Monday, March 5, 2012

The Secret World of Arrietty

My daughter came home a month ago and gave me that amazed look of hers. “Why didn’t you tell me Miyazaki had a movie coming out?” She’d seen the poster for The Secret World of Arrietty displayed in the lobby of the Grand Theater. She was so excited she almost sent the stack of Miyazaki DVDs that live on our end table tumbling.

She had me. Hayao Miyazaki snuck this one in on me, the household movie know-it-all. My excuse, it wasn’t officially directed by the master. His protégé Hiromasa Yonebayashi did the honors. But, it has Miyazaki’s fingerprints all over it. From the very first image of too blue sky and white, billowy clouds; I knew I was in good hands.

As a young man passes through a tunnel of trees to arrive at an old house born as if from fairytales, I settled back into my seat with a sigh. Memories of My Neighbor Totoro, Spirited Away, and Ponyo – my three favorite Miyazaki movies – danced through my thoughts.

My daughter and I talked about the movie afterwards:

Me: I knew I was going to love that movie from the very first shot. Miyazaki has such a passion for nature. I’ve never seen an animated movie so filled from corner to corner of the frame with life, trees and plants and flowers.

Her: I just love all the moments when he holds on images of nature and how that nature always seems to be opening up before us. There’s something so delightfully, I dunno, random about his view of nature.

Me: He is probably the cinema’s most passionate environmental activist. He should be a spokesperson for Greenpeace or something. Just think about the great spirit of the river in Spirited Away, nauseated to overflowing with the river’s pollution. And, of course, saving the environment is everything in Nausicaä of the Valley of the Wind.

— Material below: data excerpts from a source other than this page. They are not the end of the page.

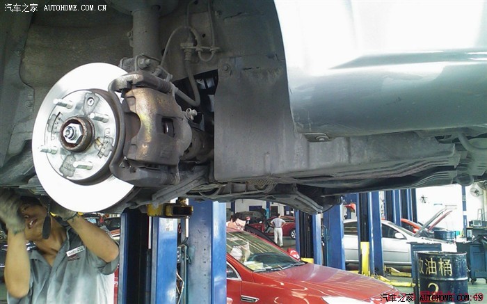刹车卡钳抬起来后,两片刹车看得清楚点了吧,呵呵,现在已买好博世的了,随时可以换上。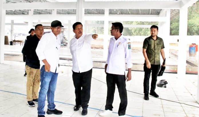 Dilokasi pembangunan pasar tersebut, Bupati melakukan pengecekan setiap sudut dari bangunan dengan teliti untuk memastikan semuanya berjalan sesuai rencana bangunan.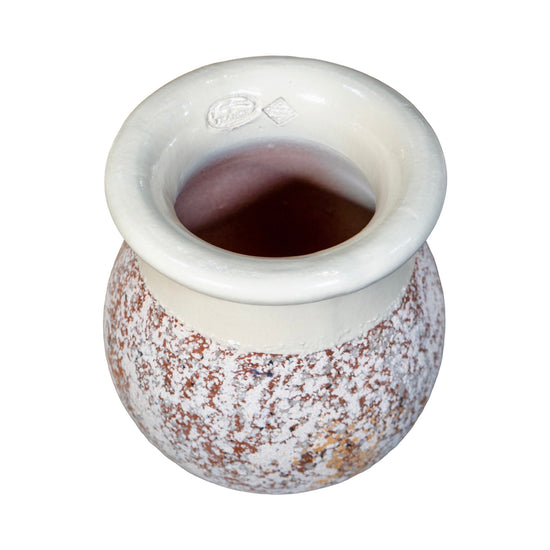 A handmade oil jar from France, small in size and contemporary in craftsmanship. Each piece is one-of-a-kind—hand-turned based on the potter’s inspiration, featuring an ivory enamel collar and a patinated finish. Every jar bears an authentic maker’s stamp, serving as a seal of provenance. Suitable for both indoor and outdoor use.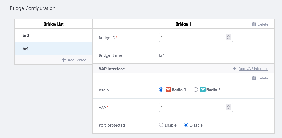 | Add VAP INterface | Add the VAP interface to be assigned to the bridge. Up to 10 VAP interfaces can be added per bridge. |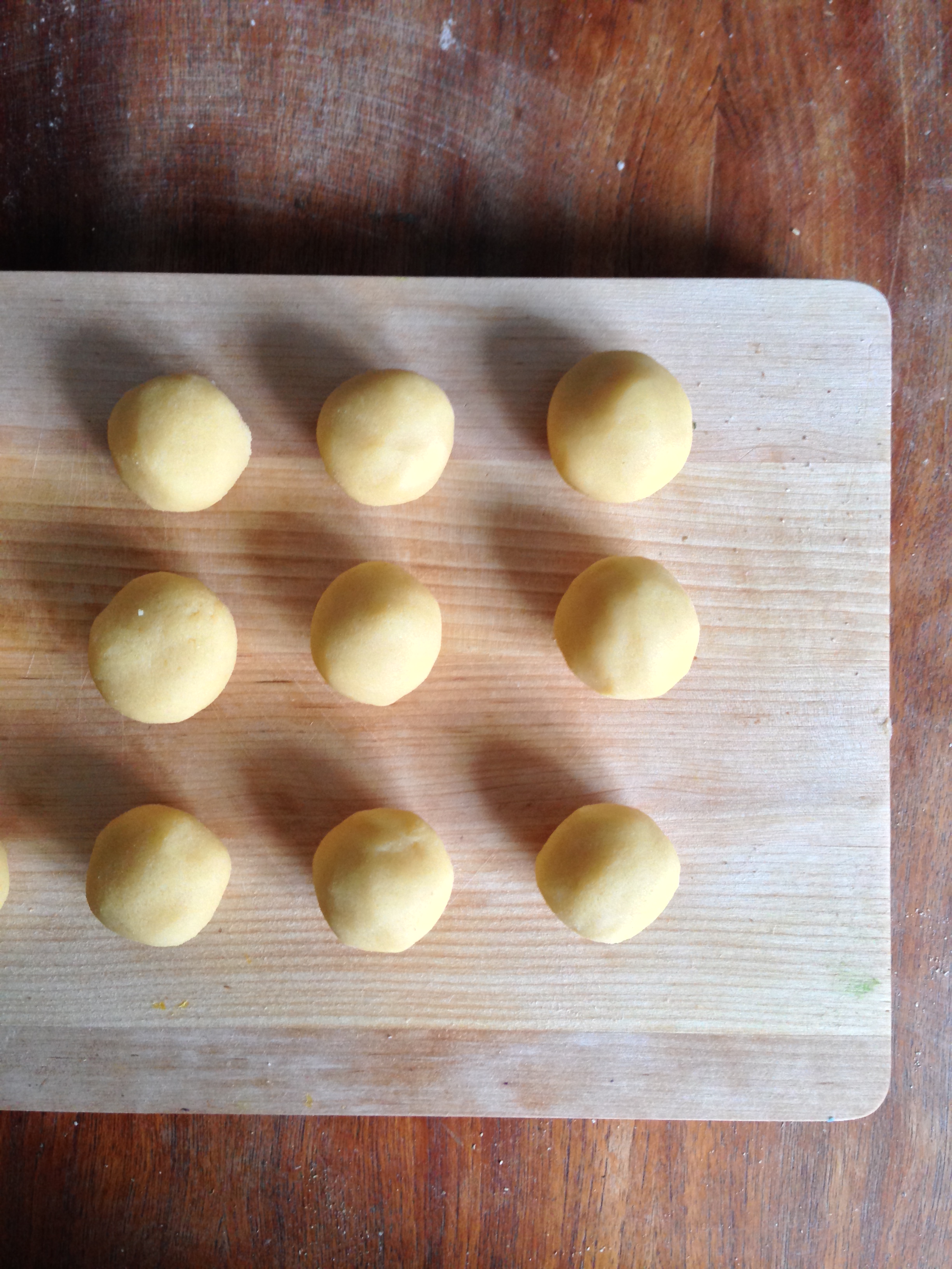 9. Start making balls from your dough. I take 1 tablespoon from the dough using my measuring spoon and turn into a ball. Well, as you can see they are not 100% equal in size but it’s ok, I am not a factory after all.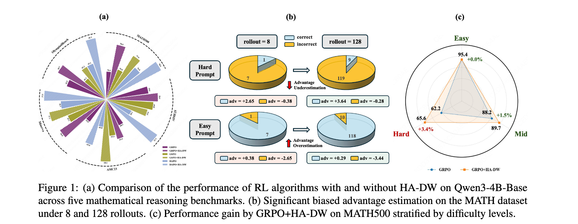 为了纠正群体相对优势估计的固有偏差,本文提出了HA-DW算法,包含两个关键组成部分。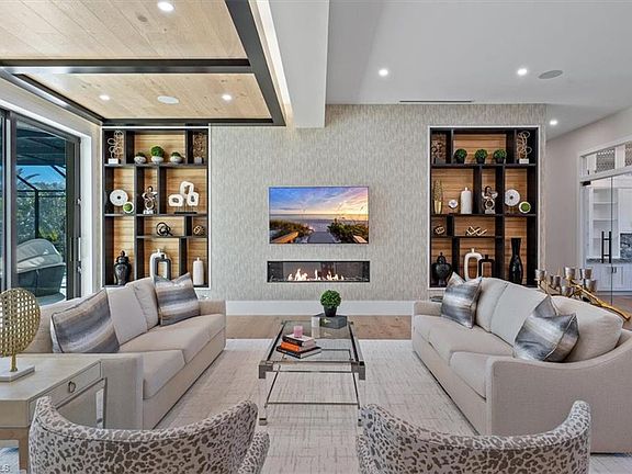 - Built-In Cabinets, Closet Cabinets, Fireplace, Foyer, Laundry Tub, Pantry, Smoke Detectors, Tray Ceiling(s), Volume Ceiling, Walk-In Closet(s), Wet Bar, Den - Study, Laundry in Residence, Screened Lanai/Porch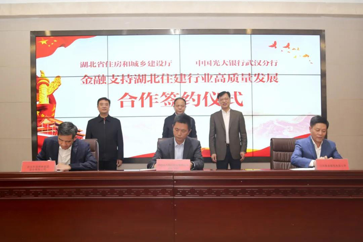 10月30日,由湖北省住房和城鄉(xiāng)建設(shè)廳、中國光大銀行武漢分行主辦的金融支持湖北住建行業(yè)高質(zhì)量發(fā)展合作簽約儀式在省住建廳舉行。湖北省人民政府副省長萬勇,省住建廳黨組書記、廳長李昌海,黨組副書記、副廳長張弘,光大銀行武漢分行黨委書記、行長譚夢湘,黨委委員、副行長唐紅斌等領(lǐng)導(dǎo)出席了簽約儀式。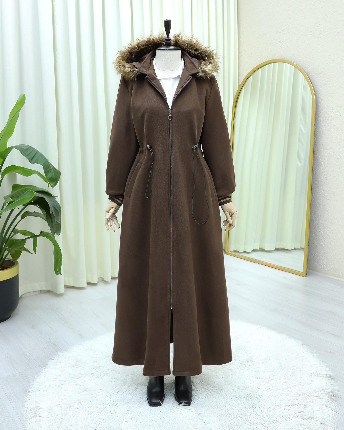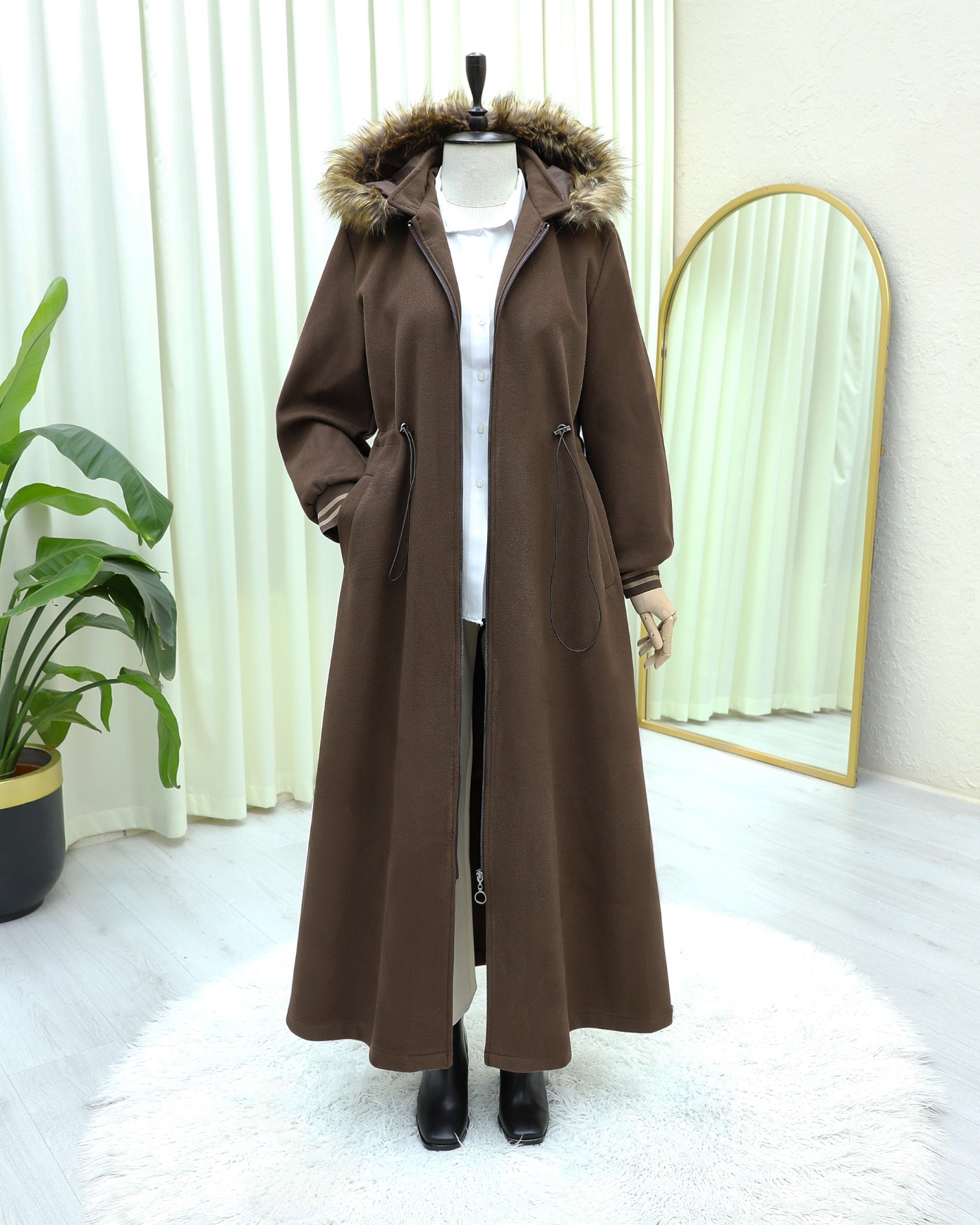 Kapşonlu Beli Lastikli Cepli Kaşe Kaban -Kahve-Kahve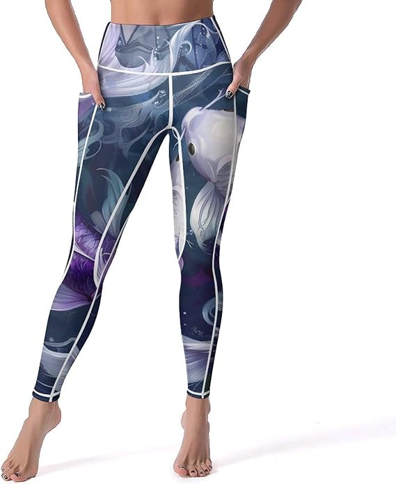 Yin And Yang Japanese Fish Women's Leggings with Pockets High Waist Tummy Control Yoga Pants for Workout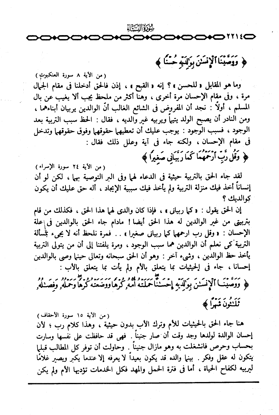 هنا جاء الحق بالحيثيات للأم وترك الأب بدون حيثية، وهذا كلام رب؛ لأن إحسان الوالدة لولدها وجد وقت أن صار جنيناً. فهي قد حافظت على نفسها وسارت بحساب وحرص فانشغلت به وهو مازال جنيناً. وحاولت أن توفر كل المطالب قبلما يتكون له عقل وفكر. بينما والده قد يكون بعيداً لا يعرفه إلا عندما يكبر ويصير غلاماً ليربيه لكفاح الحياة، أما في الحمل والمهد فكل الخدمات تؤديها الأم ولم يكن

Her: And nobody does sunsets better. I forget I’m watching an animated movie sometimes because nobody else makes them the way he does.

Me: This movie seemed a first in a way. He has always loved to include magic in his movies. Parents who make pigs of themselves and then literally turn into pigs, a little fish that turns into a little girl so she can befriend a little boy, and a young witch flying around on a broomstick in Kiki’s Delivery Service are all Miyazaki favorites. But, here, he makes tiny people living beneath the floor of a house seem completely natural.

Her: I agree, totally. He is so good at making all of his characters, no matter how fantastic, seem real. It’s like mom reading the Pern stories and wanting to have her own pet dragon. This movie made me want to have my own dollhouse filled with little people. Remember how I wanted my own pet dust creatures after watching Totoro? That’s what his stories and his imagination do for me. And the stories are so touching they make me cry.

I highly recommend that parents share Arrietty with their kids. A mother sat in front of us with her two small children, so small they were dwarfed by their boxes of popcorn. And those kids were totally enraptured. They had chattered nonstop before the lights went down. But once the tale of tiny borrowers journeying through an enormous kitchen to steal a sugar cube got underway, they sat perfectly still, not another peep.

Their mom looked pleased. She sat back, laughed, and had a great time as well. Miyazaki is very healthy food for young kids of all ages.